### INFORMATION SUPPLIED
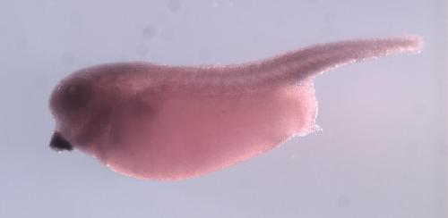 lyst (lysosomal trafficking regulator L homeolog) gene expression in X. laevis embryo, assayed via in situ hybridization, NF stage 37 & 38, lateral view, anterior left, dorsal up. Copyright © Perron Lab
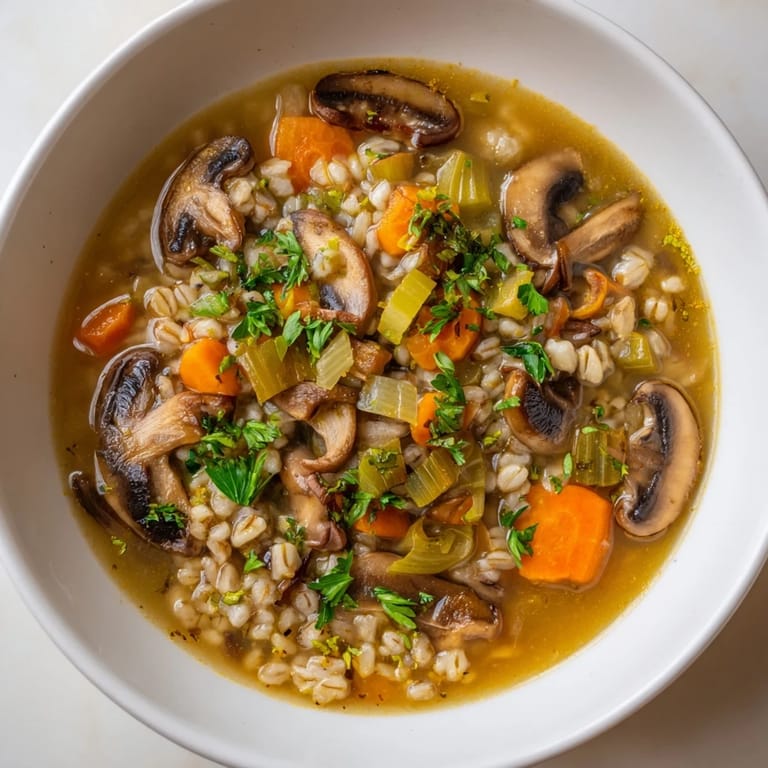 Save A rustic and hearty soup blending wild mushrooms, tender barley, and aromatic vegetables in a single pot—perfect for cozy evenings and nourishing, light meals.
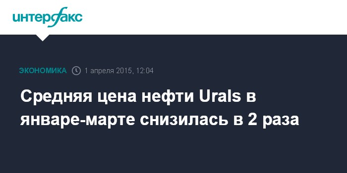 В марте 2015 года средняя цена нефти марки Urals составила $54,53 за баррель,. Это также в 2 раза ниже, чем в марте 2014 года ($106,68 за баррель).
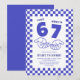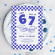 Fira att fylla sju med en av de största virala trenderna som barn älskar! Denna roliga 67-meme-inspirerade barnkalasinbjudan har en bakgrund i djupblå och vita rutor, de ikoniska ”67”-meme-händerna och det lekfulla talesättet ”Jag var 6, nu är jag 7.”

### PROBLEM DETAILS
Each line from the first line of the listing above through the line containing "В марте 2015" is to be written out exactly, and the pictures are to be left out.

### SOLUTION
 lyst (lysosomal trafficking regulator L homeolog) gene expression in X. laevis embryo, assayed via in situ hybridization, NF stage 37 & 38, lateral view, anterior left, dorsal up. Copyright © Perron Lab
 Save A rustic and hearty soup blending wild mushrooms, tender barley, and aromatic vegetables in a single pot—perfect for cozy evenings and nourishing, light meals.
 В марте 2015 года средняя цена нефти марки Urals составила $54,53 за баррель,. Это также в 2 раза ниже, чем в марте 2014 года ($106,68 за баррель).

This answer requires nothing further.